● **The task**:
Below are records with pictures. Transcribe exactly, and only, the lines from the line with "步骤:在云服务应用中,找到【" to the line with "Esta situación ha", both ends included, but not the pictures.

● **Given data**:

┏━━

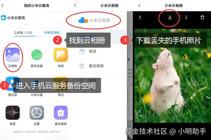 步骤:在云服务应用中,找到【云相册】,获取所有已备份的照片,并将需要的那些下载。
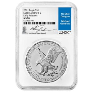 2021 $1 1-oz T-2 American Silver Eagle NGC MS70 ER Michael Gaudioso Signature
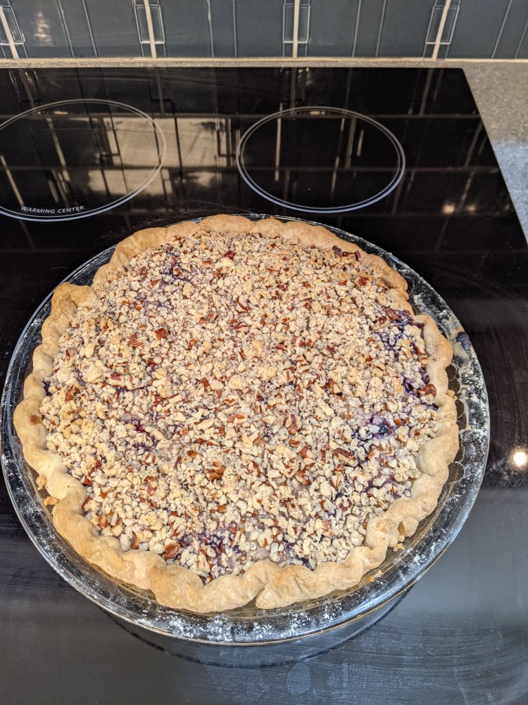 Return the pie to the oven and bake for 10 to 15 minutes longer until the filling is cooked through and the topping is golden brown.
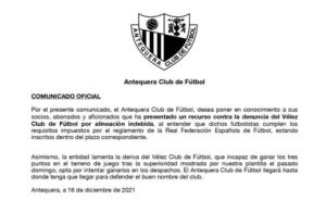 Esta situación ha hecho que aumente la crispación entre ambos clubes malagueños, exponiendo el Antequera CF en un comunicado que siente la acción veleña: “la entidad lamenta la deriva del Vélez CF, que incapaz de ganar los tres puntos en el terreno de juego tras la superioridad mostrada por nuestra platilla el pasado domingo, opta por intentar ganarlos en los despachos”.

┗━━
┏━━

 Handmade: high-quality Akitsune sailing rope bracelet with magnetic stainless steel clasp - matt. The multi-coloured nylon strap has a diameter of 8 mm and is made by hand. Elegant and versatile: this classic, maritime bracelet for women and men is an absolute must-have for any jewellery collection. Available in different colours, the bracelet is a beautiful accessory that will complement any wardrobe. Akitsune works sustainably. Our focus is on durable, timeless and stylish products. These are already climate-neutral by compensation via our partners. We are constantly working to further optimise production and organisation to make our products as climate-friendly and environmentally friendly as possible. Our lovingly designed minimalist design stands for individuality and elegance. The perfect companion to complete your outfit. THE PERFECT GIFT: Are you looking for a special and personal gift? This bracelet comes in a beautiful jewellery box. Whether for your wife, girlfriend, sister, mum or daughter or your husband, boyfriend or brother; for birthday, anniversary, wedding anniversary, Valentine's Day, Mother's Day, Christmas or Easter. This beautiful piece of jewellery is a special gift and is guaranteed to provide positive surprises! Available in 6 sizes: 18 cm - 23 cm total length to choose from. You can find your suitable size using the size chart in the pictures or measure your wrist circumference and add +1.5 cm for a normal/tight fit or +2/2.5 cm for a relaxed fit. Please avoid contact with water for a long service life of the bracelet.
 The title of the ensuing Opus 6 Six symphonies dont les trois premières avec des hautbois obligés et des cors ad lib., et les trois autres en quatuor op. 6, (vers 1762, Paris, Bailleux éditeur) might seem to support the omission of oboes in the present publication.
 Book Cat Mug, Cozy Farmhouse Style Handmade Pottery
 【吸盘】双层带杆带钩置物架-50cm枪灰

┗━━

● **Answer for the task**:
 步骤:在云服务应用中,找到【云相册】,获取所有已备份的照片,并将需要的那些下载。
 2021 $1 1-oz T-2 American Silver Eagle NGC MS70 ER Michael Gaudioso Signature
 Return the pie to the oven and bake for 10 to 15 minutes longer until the filling is cooked through and the topping is golden brown.
 Esta situación ha hecho que aumente la crispación entre ambos clubes malagueños, exponiendo el Antequera CF en un comunicado que siente la acción veleña: “la entidad lamenta la deriva del Vélez CF, que incapaz de ganar los tres puntos en el terreno de juego tras la superioridad mostrada por nuestra platilla el pasado domingo, opta por intentar ganarlos en los despachos”.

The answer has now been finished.